4.3. Uncommon but Abundant Microbes in Shoots

Microbes inside the aerial parts of the plant can influence source/sink relationships, the flux of sugars and nutrients and can even fix nitrogen [94], while in the phylloplane, they could affect the harvesting of light and gas exchange or help prevent the establishment of pathogens. Despite having an incomplete sense of where shoot-inhabiting microbes come from [14], they are usually believed to be horizontally acquired from rain, dust, soil, and contact with other organisms, followed by biotic filtering that shapes the resulting microbiomes over time [95,96,97,98,99]. Speaking to the high diversity of endophytic fungi in coffee shoots, many of these environmentally transmitted microbes have been described as “accidental tourists” playing no direct role in the life cycle of the plant [100]. Some evidence suggests that transmission from seeds to shoots can be significant: maize seeds transmit fungi to the leaves [101], rice seeds populate their shoots with bacteria [102], oak embryos within the seed are heavily colonized by microbes [103], and we have previously shown that juvenile shoot microbiomes are dominated by common/core seed-transmitted bacteria and fungi [20]. Analyzing the total microbiome data in this manuscript again, we found that soil did not greatly affect the diversity of either bacteria or fungi in any shoot sample, implying that most microbes in shoots came from seeds (Figure 2).

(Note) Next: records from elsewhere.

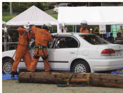
【平成19年 出雲市防災訓練より】

9月1日は防災の日です。この日は出雲市多伎町の岐久小学校及び多伎中学校において出雲市防災訓練が行われます。メイン会場では「各防災関係機関の連携による災害対応」をテーマに豪雨による水害・土砂災害や大規模地震災害を想定した訓練が行われます。みなさんもお出掛けの機会を高めましょう！
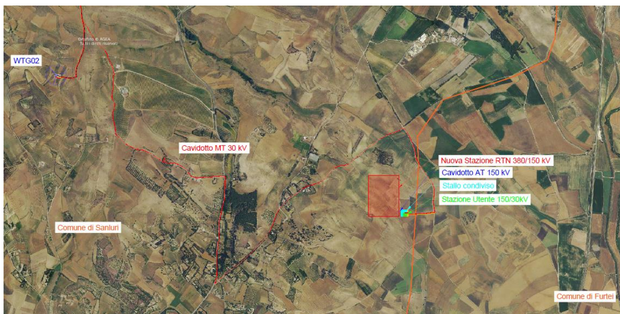
Figura 3-2 – Inquadramento generale da ortofoto – opere di connessione

La centrale di produzione, anche detta “parco eolico”, è costituita da n.7 aerogeneratori della potenza unitaria pari a 6,0 MW, interconnessi da una rete interrata di cavi MT 30 kV (in fase di realizzazione tale tensione di distribuzione potrebbe essere aumentata fino ad un massimo di 36 kV, in funzione di aspetti successivi inerenti eventuali opportunità legate alla connessione). Le opere di connessione, invece, prevedono la costruzione di una stazione elettrica di trasformazione MT/AT, anche detta “stazione utente”, di proprietà del soggetto produttore e delle infrastrutture brevemente descritte di seguito.
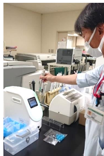
PCR 検査を行う検査技師

COVID-19 の収束が予測できない状況の中で、8月27日、「令和3年度第1回感染制御研修会」を開催し、「コロナ禍における感染症対策について」と題して、ICT 薬剤師・検査技師・看護師が各専門分野における感染症対策について講演しました。今回の研修を通して、全職員が院内感染対策を周知して実践できるように、私たち ICT が中心となって積極的に活動していきたいと考えています。
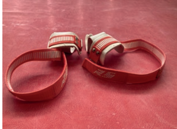
>> Calleres que s'usen per a l'aparell d'asimètriques.
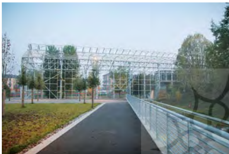
تصویر ۸: پارک در ارتباط قوی با بناهای مسکونی اطرافش طراحی شده است. پارک دورا، تورین، ایتالیا. Pic8. Linking the park with the housing development .
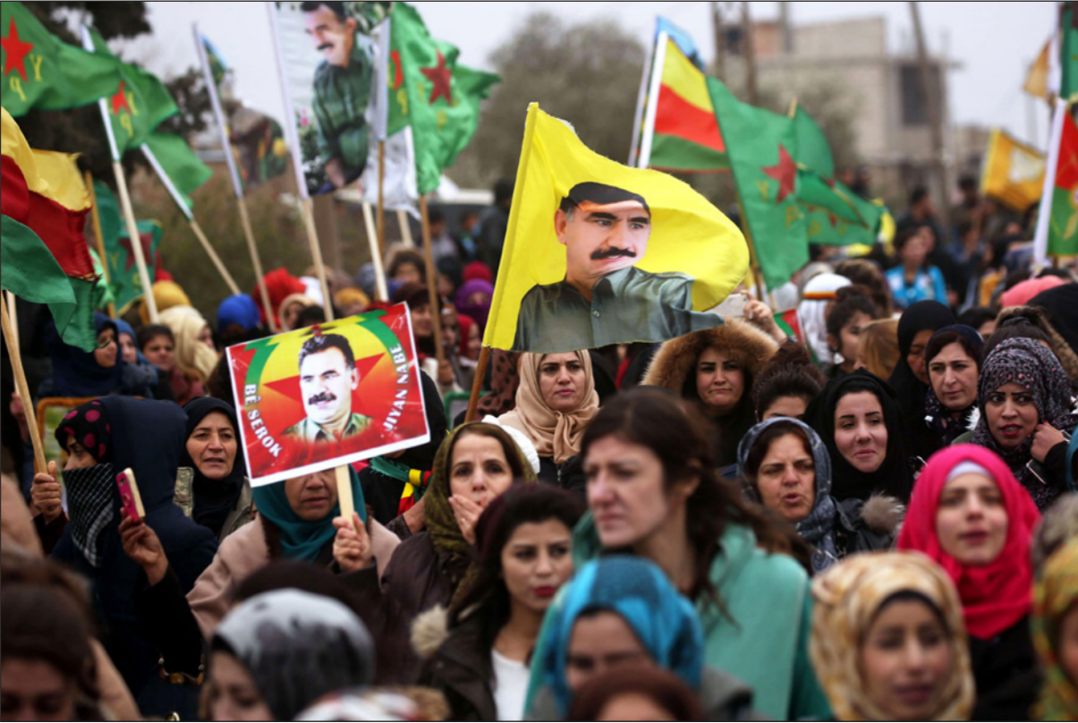
أكراد سوريون يحملون لوحات لقائد حزب العمال الكردستاني عبد الله أوجلان أثناء مسيرة احتجاجية لدعم عفرين

امية ودولية، حيث أرسلت المبادرة إلى الاتحاد الأوروبي والولايات المتحدة الأمريكية. جبهة أصدرت ميليشيا «الجبهة الشعبية لتحرير لواء إسكندرون»، الذي يرأسها القيادي التركي معراج أورال أمس الخميس، بياناً، أعلنت خلاله دعمها الكامل للقوات سوريا الديمقراطية التي تعرف اختصاراً بـ«قسد» والوقوف ضد الجيش التركي في العمليات العسكرية في مدينة عفرين شمال سوريا، وذكر البيان «تؤكد كما قلنا أننا نؤيد سوريا مع حزب العمال الكردستاني عبر تاريخنا النضالي ضد الصهيونية الإسرائيلية والفاشية التركية، سنستمر في مواصلة هذا النضال ضد العقيدة الإرهابية، وتؤكد أن عفرين ليست وحدها».
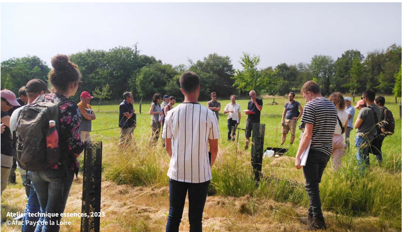
Atelier technique essences, 2023

Focusing exclusively on uncommon microbe abundance in soil-grown plants (Figure 3), bacteria made up only a small amount (5%) of the shoot microbiome, whereas uncommon fungi were about 30% of the shoot mycobiome. More so than in rhizospheres or roots, seeds appear to supply a substantial number of microbes to (soil-grown) shoots, representing 35% of the bacterial OTUs and 19% of fungi (Table 2). Shoot microbiomes had a lower number of uncommon microbes than roots or rhizospheres, suggesting that perhaps plants were able to impose tighter controls on microbial invasion of their distal tissues and organs. The ability of shoots to effectively filter out undesirables is exemplified by maize and Bromus tectorum, which are both able to maintain an unvarying leaf mycobiome despite being grown on different soils that are known to contain distinct endophytic fungal communities [72,101]. In addition to filtering, shoots may be able to become saturated by core bacterial endophytes [20] which could serve to outcompete and block less-common microbes from invading the niche.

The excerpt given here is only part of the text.